• Raw data:
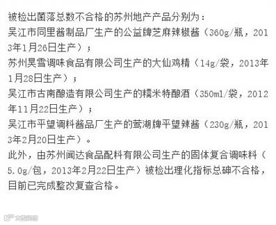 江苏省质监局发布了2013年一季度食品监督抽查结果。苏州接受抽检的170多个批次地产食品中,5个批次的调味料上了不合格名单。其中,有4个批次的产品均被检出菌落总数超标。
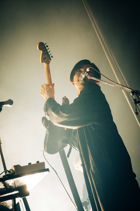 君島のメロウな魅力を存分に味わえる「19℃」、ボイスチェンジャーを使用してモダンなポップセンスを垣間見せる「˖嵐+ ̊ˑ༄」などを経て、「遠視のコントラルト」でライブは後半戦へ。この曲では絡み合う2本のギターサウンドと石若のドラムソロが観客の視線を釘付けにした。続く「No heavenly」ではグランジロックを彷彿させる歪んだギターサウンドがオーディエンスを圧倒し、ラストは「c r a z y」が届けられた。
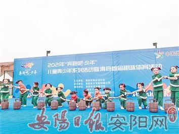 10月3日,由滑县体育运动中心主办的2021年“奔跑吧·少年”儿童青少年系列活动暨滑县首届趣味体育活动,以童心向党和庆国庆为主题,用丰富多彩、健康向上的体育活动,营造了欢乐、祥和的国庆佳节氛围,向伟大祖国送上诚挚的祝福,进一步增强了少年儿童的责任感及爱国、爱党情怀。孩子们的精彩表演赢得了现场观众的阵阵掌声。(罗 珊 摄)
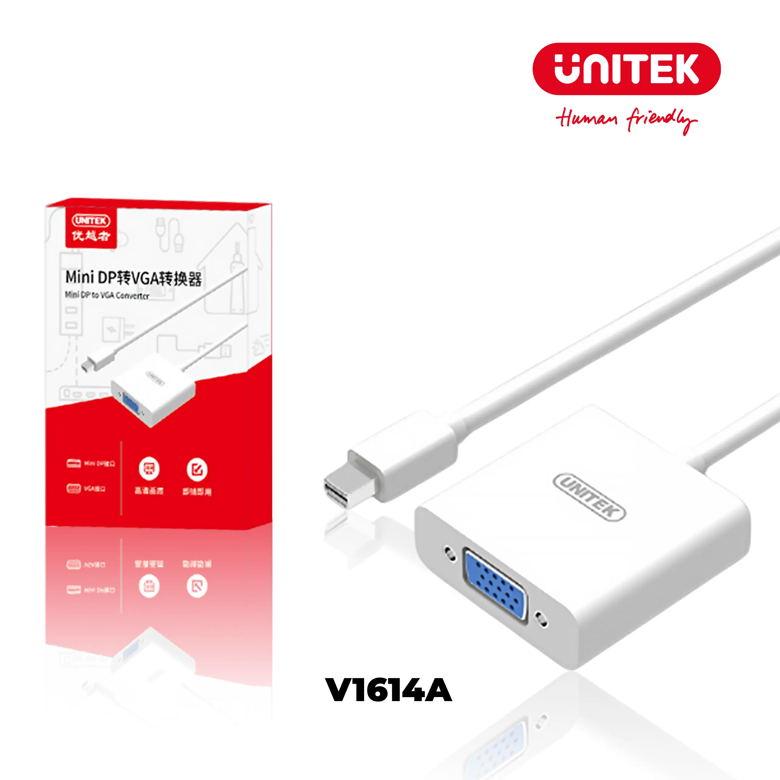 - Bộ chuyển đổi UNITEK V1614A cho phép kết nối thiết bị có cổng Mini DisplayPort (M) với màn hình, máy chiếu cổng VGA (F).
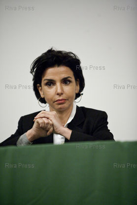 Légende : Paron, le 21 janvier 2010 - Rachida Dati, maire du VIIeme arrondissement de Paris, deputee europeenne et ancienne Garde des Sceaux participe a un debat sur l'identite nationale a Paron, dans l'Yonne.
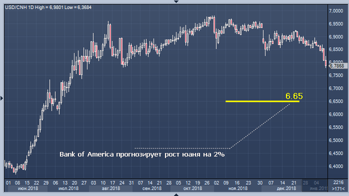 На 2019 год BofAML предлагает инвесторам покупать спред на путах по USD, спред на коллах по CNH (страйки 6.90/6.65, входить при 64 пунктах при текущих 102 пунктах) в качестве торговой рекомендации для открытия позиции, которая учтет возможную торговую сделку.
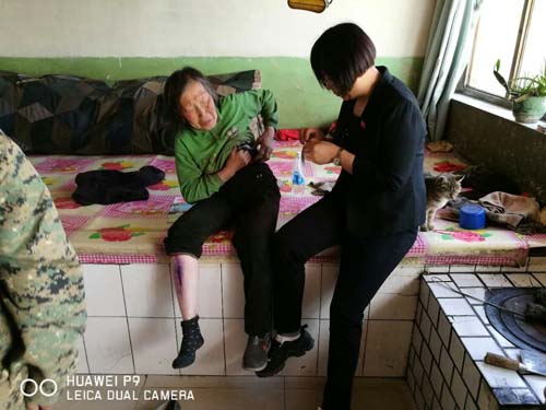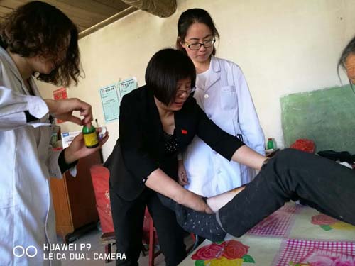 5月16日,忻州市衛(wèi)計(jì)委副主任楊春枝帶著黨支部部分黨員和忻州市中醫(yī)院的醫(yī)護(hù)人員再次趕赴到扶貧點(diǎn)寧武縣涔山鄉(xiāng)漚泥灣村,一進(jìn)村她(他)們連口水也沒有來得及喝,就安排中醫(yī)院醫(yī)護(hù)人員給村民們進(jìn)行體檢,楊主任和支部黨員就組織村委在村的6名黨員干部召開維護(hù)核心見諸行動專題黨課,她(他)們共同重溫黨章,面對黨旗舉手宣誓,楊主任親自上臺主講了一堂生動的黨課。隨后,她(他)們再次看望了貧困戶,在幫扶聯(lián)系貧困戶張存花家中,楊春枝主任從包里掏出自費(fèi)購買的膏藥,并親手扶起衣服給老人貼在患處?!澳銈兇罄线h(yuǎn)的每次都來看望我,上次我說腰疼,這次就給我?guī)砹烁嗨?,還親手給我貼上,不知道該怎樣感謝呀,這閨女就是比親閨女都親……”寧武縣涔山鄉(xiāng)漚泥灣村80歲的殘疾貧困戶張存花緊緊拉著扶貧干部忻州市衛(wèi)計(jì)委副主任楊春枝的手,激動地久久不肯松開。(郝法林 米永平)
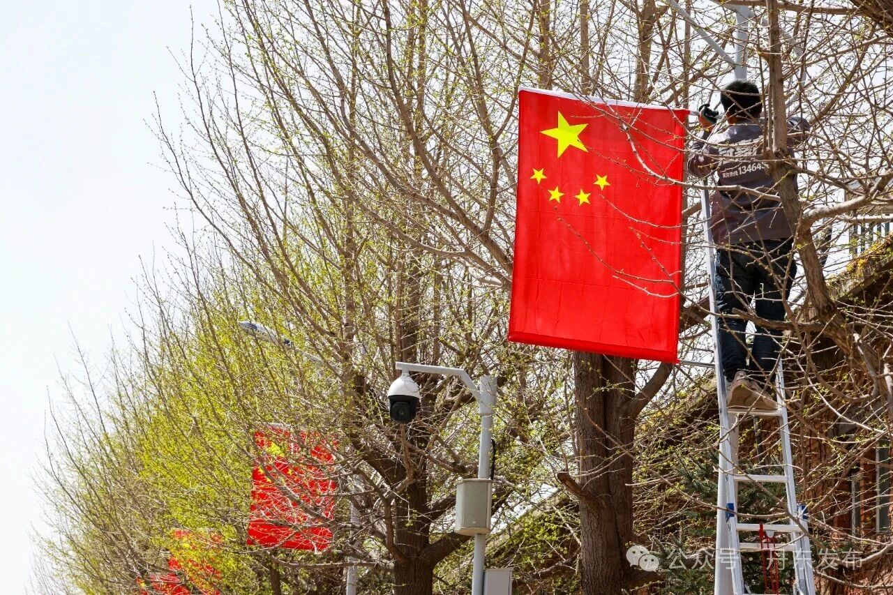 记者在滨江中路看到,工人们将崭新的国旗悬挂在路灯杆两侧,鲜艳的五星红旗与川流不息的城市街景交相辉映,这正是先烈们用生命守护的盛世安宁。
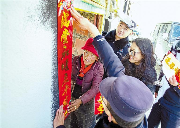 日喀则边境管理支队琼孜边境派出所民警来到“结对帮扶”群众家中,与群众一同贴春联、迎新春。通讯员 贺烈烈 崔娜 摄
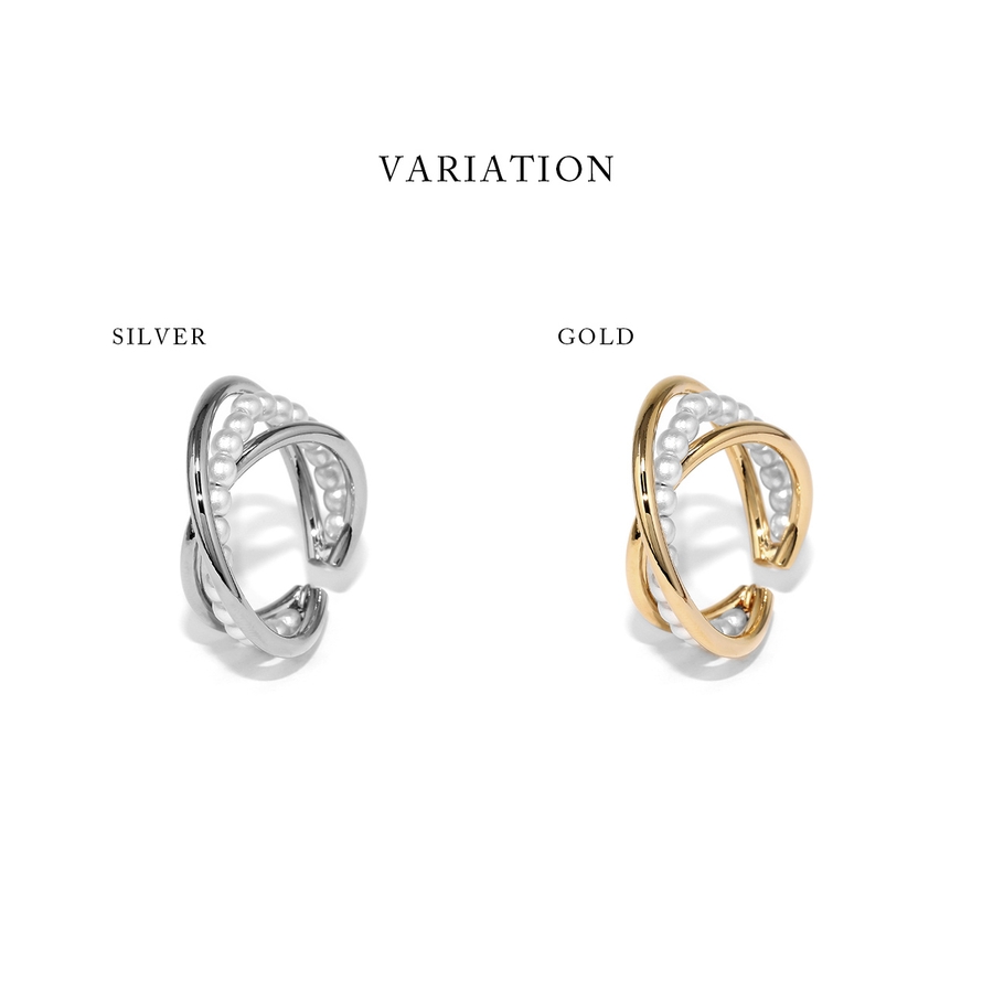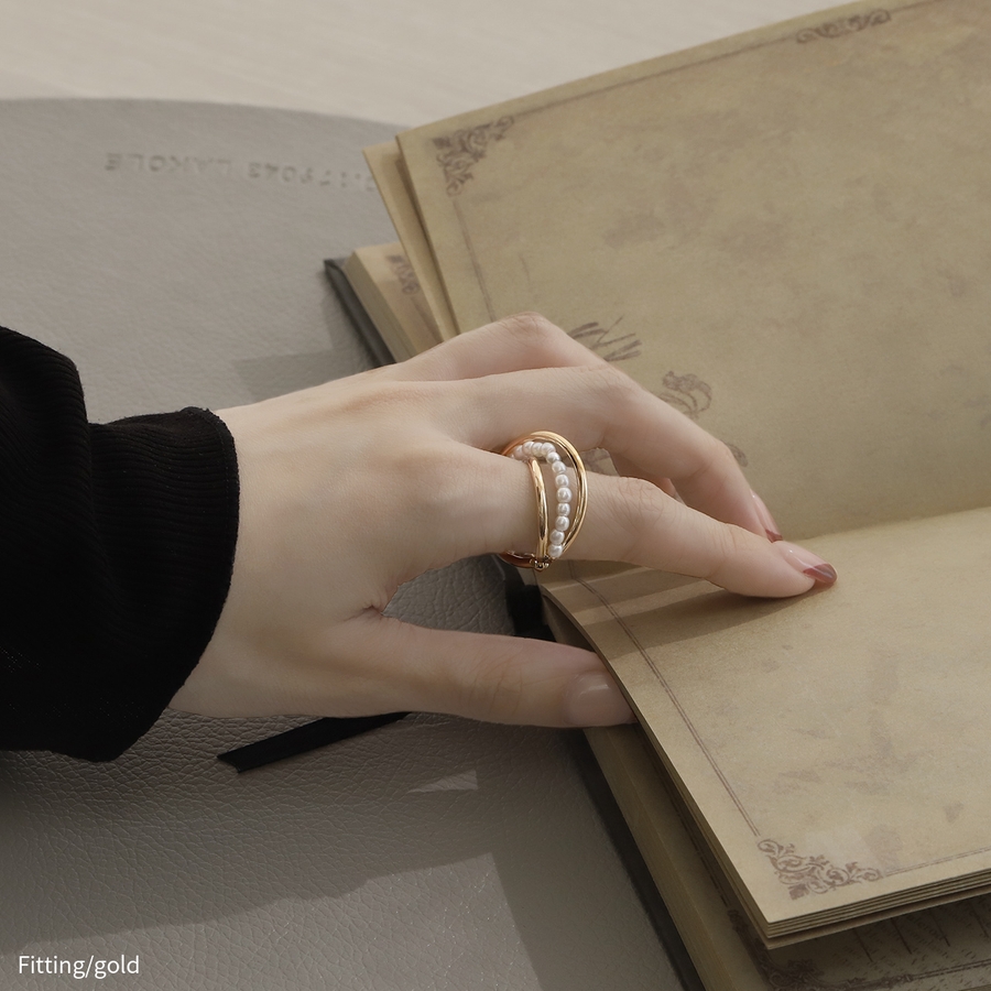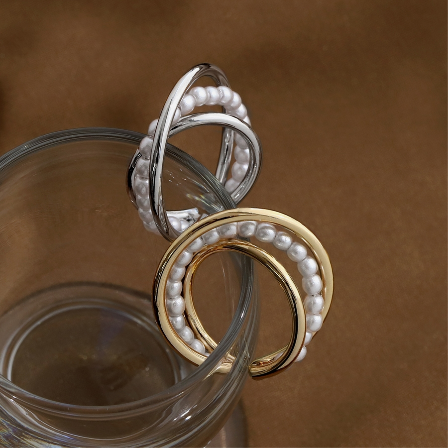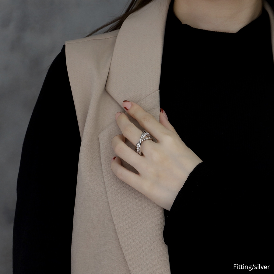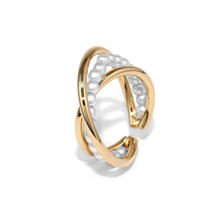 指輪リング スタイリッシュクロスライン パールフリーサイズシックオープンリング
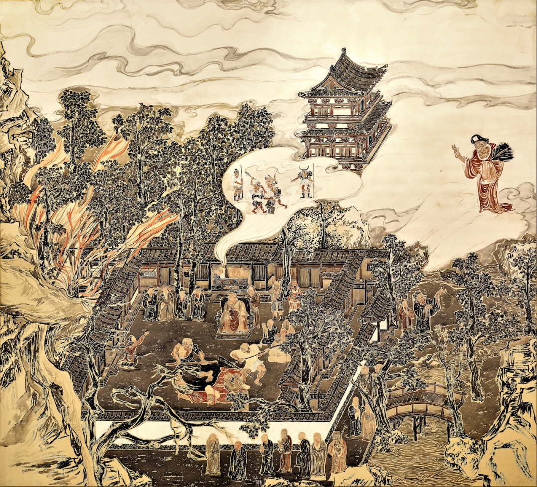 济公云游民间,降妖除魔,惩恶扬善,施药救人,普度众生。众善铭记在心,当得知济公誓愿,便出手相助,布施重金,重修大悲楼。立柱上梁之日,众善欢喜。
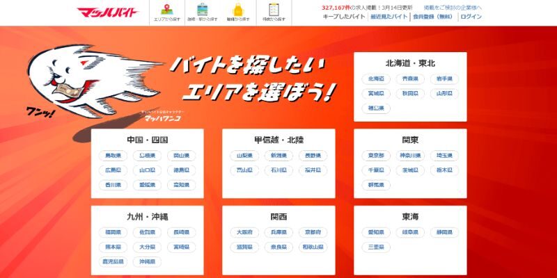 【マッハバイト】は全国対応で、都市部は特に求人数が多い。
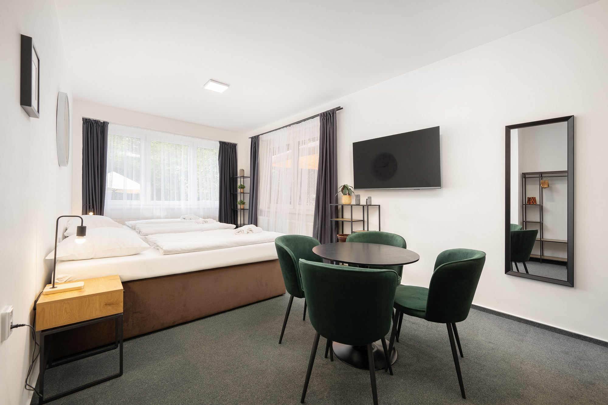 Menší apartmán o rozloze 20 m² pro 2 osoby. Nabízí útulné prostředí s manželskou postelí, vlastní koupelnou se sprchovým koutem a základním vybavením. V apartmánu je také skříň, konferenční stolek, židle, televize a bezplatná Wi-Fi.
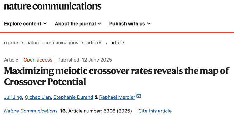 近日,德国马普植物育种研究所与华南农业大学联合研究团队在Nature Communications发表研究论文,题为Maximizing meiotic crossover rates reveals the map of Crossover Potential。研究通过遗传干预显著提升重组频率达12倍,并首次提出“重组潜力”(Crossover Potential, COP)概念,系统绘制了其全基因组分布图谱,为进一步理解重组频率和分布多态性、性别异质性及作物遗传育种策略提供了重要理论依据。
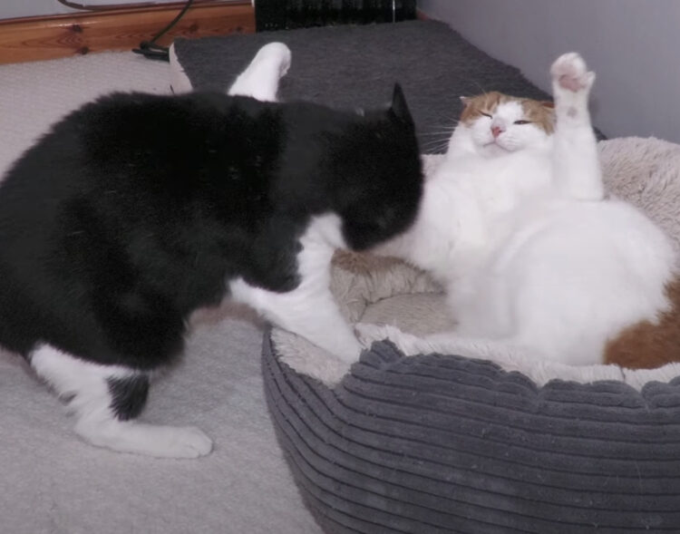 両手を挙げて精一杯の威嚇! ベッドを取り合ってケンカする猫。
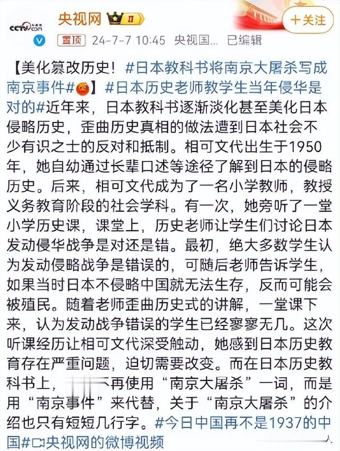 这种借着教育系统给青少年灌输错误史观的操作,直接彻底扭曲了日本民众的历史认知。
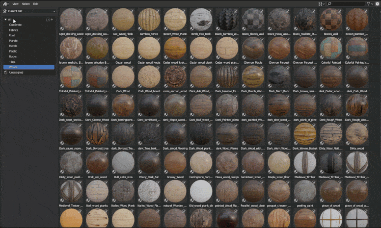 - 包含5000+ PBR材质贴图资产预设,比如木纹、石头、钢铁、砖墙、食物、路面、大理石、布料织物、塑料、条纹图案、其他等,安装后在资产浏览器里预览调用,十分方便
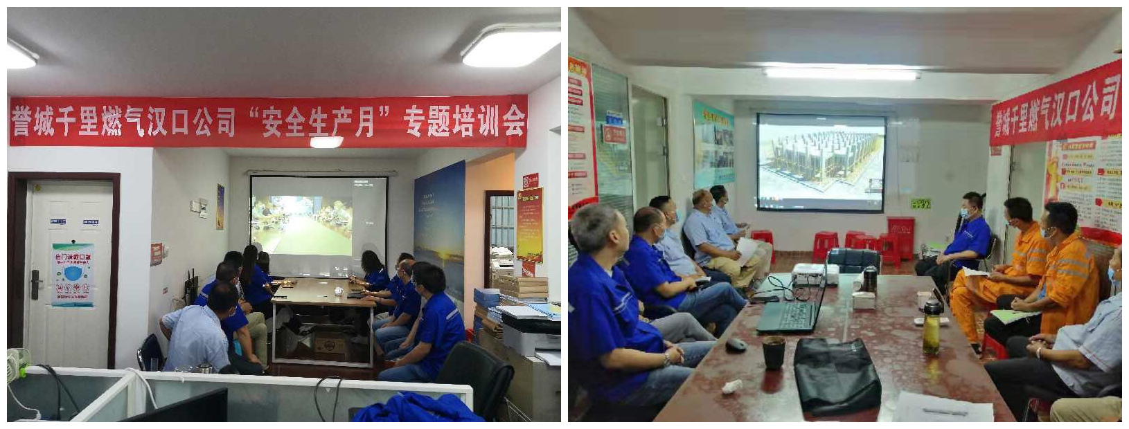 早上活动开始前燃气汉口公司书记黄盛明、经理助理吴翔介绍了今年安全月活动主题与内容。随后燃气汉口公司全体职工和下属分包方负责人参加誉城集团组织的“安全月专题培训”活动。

• What needs to be done: Skip every picture, and restate word for word only the lines above from the line containing "- Bộ chuyển" to the line containing "Légende : Paron, le", both of them included.

• Task output:
 - Bộ chuyển đổi UNITEK V1614A cho phép kết nối thiết bị có cổng Mini DisplayPort (M) với màn hình, máy chiếu cổng VGA (F).
 Légende : Paron, le 21 janvier 2010 - Rachida Dati, maire du VIIeme arrondissement de Paris, deputee europeenne et ancienne Garde des Sceaux participe a un debat sur l'identite nationale a Paron, dans l'Yonne.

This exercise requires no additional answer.